» Data
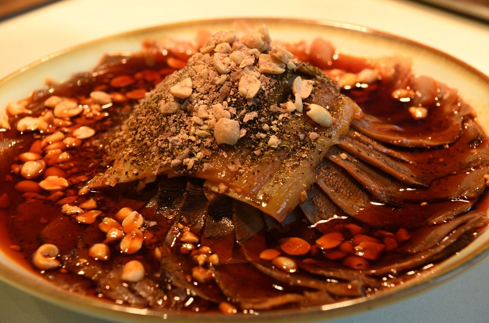 精湛的刀工把煮好的各类材料片成厚薄均匀、大小相近的薄片,盘底铺上芹菜打底,把片好的肉片分类摆成一圈“风车车”,从顶上浇下几大勺特制卤水,几勺鲜亮的红油,再加上添加中药熬制出的秘制料油,最后放上喷香的花生……在位于总府路的夫妻肺片总店里,厨师长胡飞的妙手之下,乏人问津的牛头皮、牛心、牛舌、牛肚等“废料”,瞬间华丽转身,成为彻底唤醒味蕾的四川名菜。作为一道凉菜,这样的色香味一上桌,足以让人胃口大开。
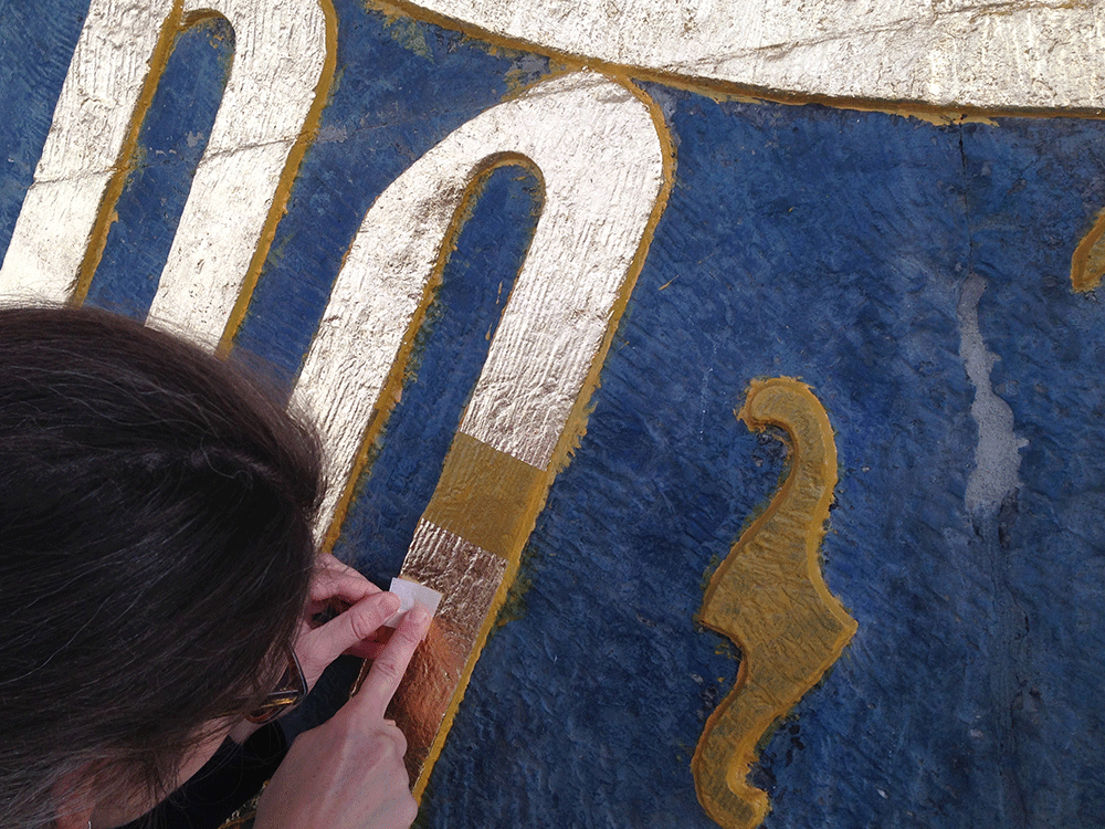 Auf dieser Grundlage erhielten Uhr und Inschrift im Zuge der aktuellen Restaurierung ihre rekonstruierende Neufassung. Zunächst wurden die historischen Fassungsreste gereinigt und die Oberfläche mit einer Acryldispersion gefestigt. Risse und offene Fugen wurden mit Kalkmörtel geschlossen. Die schwarze Fassung erfolgte mit Acrylfarben. Für die Vergoldung kam extra starkes Doppelgold mit 23,75 Karat zur Anwendung. Das hauchdünne Blattgold wurde auf einer Acrylmixtion (eine spezielle Grundierung für Vergoldungen) angeschossen.
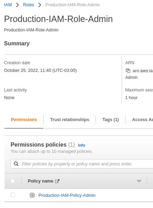 Then, the Role Production-IAM-Role-Admin is created and the policy Production-IAM- Policy-Admin is attached.
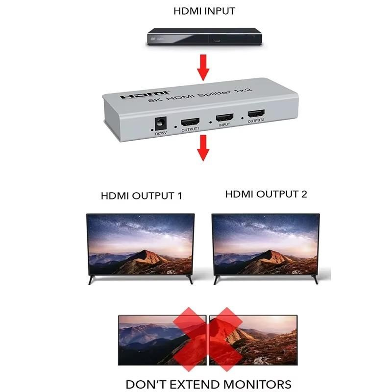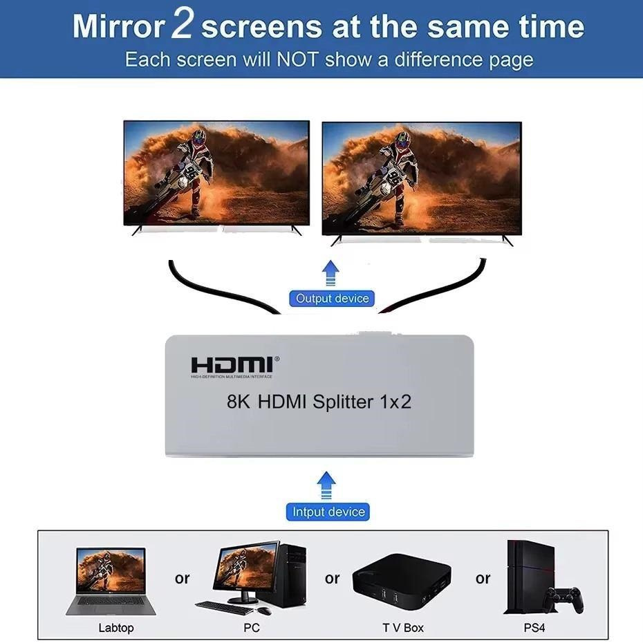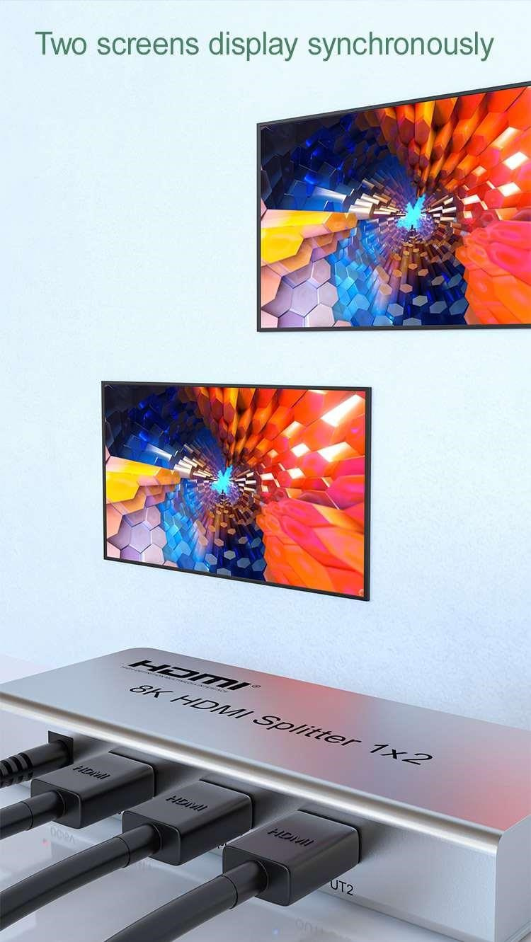 Splitter podporuje HDMI signál s rozlišením až 8K@60Hz, 4K@120Hz nebo FULL HD 1080p
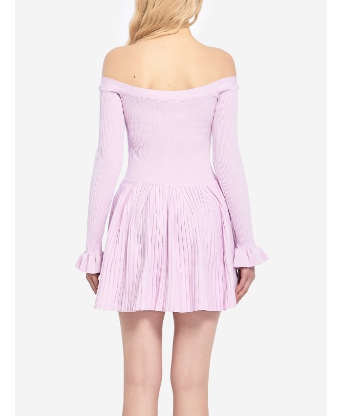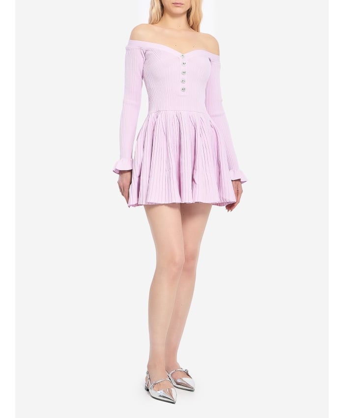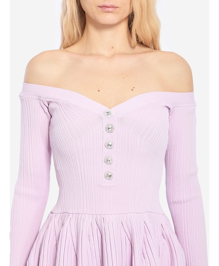 Pink ribbed knit mini dress. It features an off-the-shoulder neckline, decorative crystal buttons, long sleeves with flared cuffs, and a flared

» Exercise description
Retype all the material word for word while skipping any picture it contains.

» Response to the task
 精湛的刀工把煮好的各类材料片成厚薄均匀、大小相近的薄片,盘底铺上芹菜打底,把片好的肉片分类摆成一圈“风车车”,从顶上浇下几大勺特制卤水,几勺鲜亮的红油,再加上添加中药熬制出的秘制料油,最后放上喷香的花生……在位于总府路的夫妻肺片总店里,厨师长胡飞的妙手之下,乏人问津的牛头皮、牛心、牛舌、牛肚等“废料”,瞬间华丽转身,成为彻底唤醒味蕾的四川名菜。作为一道凉菜,这样的色香味一上桌,足以让人胃口大开。
 Auf dieser Grundlage erhielten Uhr und Inschrift im Zuge der aktuellen Restaurierung ihre rekonstruierende Neufassung. Zunächst wurden die historischen Fassungsreste gereinigt und die Oberfläche mit einer Acryldispersion gefestigt. Risse und offene Fugen wurden mit Kalkmörtel geschlossen. Die schwarze Fassung erfolgte mit Acrylfarben. Für die Vergoldung kam extra starkes Doppelgold mit 23,75 Karat zur Anwendung. Das hauchdünne Blattgold wurde auf einer Acrylmixtion (eine spezielle Grundierung für Vergoldungen) angeschossen.
 Then, the Role Production-IAM-Role-Admin is created and the policy Production-IAM- Policy-Admin is attached.
 Splitter podporuje HDMI signál s rozlišením až 8K@60Hz, 4K@120Hz nebo FULL HD 1080p
 Pink ribbed knit mini dress. It features an off-the-shoulder neckline, decorative crystal buttons, long sleeves with flared cuffs, and a flared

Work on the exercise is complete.